- Type: NHS foundation trust
- Established: 1 April 1999
- Headquarters: Monks Orchard Road Beckenham BR3 3BX
- Hospitals: Bethlem Royal Hospital; Lambeth Hospital; Maudsley Hospital;
- Staff: 5,593 (2018/19)
- Website: slam.nhs.uk

= South London and Maudsley NHS Foundation Trust =

NHS foundation trust based in London, England

South London and Maudsley NHS Foundation Trust, is an NHS foundation Trust based in London, England, is one of the country’s largest and most complex multi-site providers of mental health services. It comprises four psychiatric hospitals (Bethlem Royal Hospital, Lambeth Hospital and the Maudsley Hospital), the Ladywell Unit based at University Hospital Lewisham, and over 100 community sites and 300 clinical teams. The Trust forms part of the institutions that make up King's Health Partners, an academic health science centre.

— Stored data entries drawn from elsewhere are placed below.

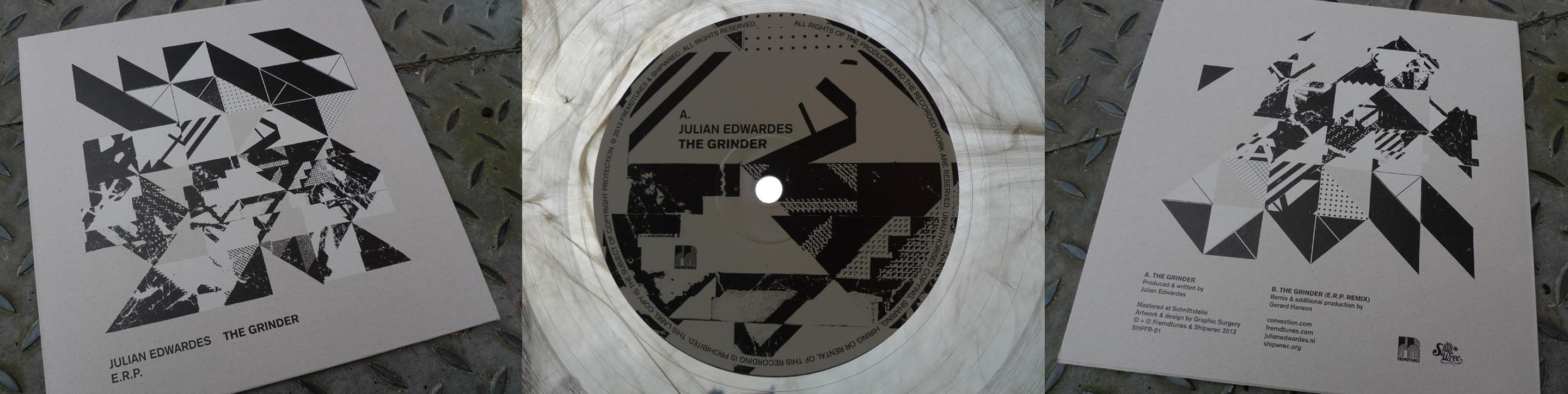 Dutch label Shipwrec and Fremdtunes cast off for uncharted waters, setting sail to proudly introduce the fresh new release ‘The Grinder’ by Julian Edwardes! Julian Edwardes is a Dutch artist that bends the limitations of hiphop and bass music, his first outing on vinyl takes elements of these sounds and twists them into a new form. The title track (previously released digitally on ‘PARAGON‘) judders and shakes into life with a controlled tempo adding gravity to the mix. Sombre notes drop to create a melancholic muscular beast. The flip sees E.R.P. aka Gerard Hanson aka Convextion flying in from Texas on remix duty. The rougher edges of the original are cleaned by reverberating arpeggios before a terse broken beat lands. Hanson weaves his magic, a lush melody of IDM depth descends to elevate this remix into something sublime. Something special from Shipwrec and Fremdtunes…
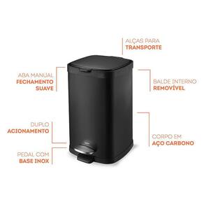Lixeira Com Pedal E Balde Frame 12L Preto Brinox Descrição: A Lixeira com pedal, corpo de aço carbono e balde removível da linha Frame, serve tanto para combinar com ambientes modernos quanto para descontrair os mais tradicionais, dando um toque de requinte e sobriedade ao cômodo. Bonita e versátil, ela possui duplo acionamento, aba manual, pedal com base de inox e, pode ir da cozinha ao escritório. A tampa de inox com alça e fechamento suave traz mais facilidade e praticidade ao utilizar e transportar o produto. Contém: 1 Lixeira 12L Importante: Material: Aço Carbono Cor predominante: Preto Capacidade: 12L Dimensões: 33,9 x 26,1 x 40,3 cm Ean: 7896502849178
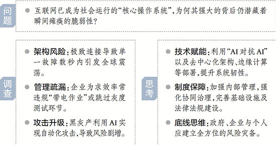 “在强大的技术面前,互联网可谓‘漏洞百出’。关键就在于这些漏洞是否暴露、是否被恶意利用。”专家指出,网络崩溃背后,除了光纤被挖断、火灾、断电等意外,人为因素已成为最大变量。
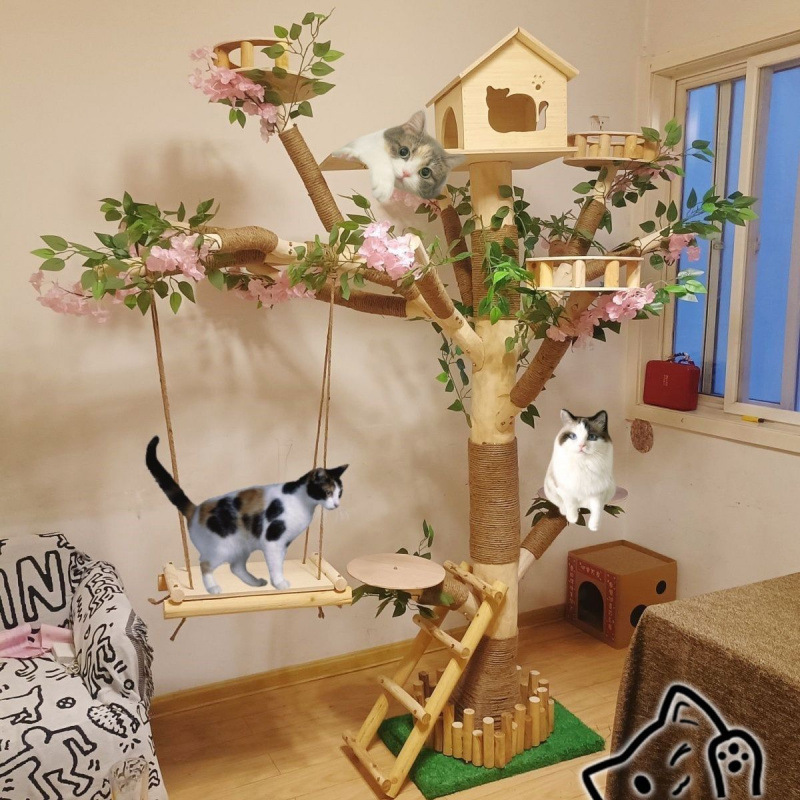 Kucing Kucing Pohon Kucing Rak Kucing Kayu Solid Tongtianzhu Besar Satu Satu

In its most recent inspection of the Trust, The Care Quality Centre (CQC) rated the Trust ‘Good’ overall following a full inspection

==Overview==
Each year the South London and Maudsley NHS Foundation Trust provides about 5,000 people with hospital treatment and about 40,000 people with community services. In partnership with King's College London, the Trust has major research activities. This academic partnership enables the Trust to develop new treatments and to provide specialist services to people from across the UK such as the National Psychosis Unit at Bethlem Royal Hospital. The Trust forms part of the King's Health Partners academic health science centre and together with the Institute of Psychiatry, Psychology and Neuroscience at King's College London and University College London is host to the UK's only specialist National Institute for Health Research Biomedical Research Centre for mental health. In 2009/10, the Trust had a turnover of £370 million.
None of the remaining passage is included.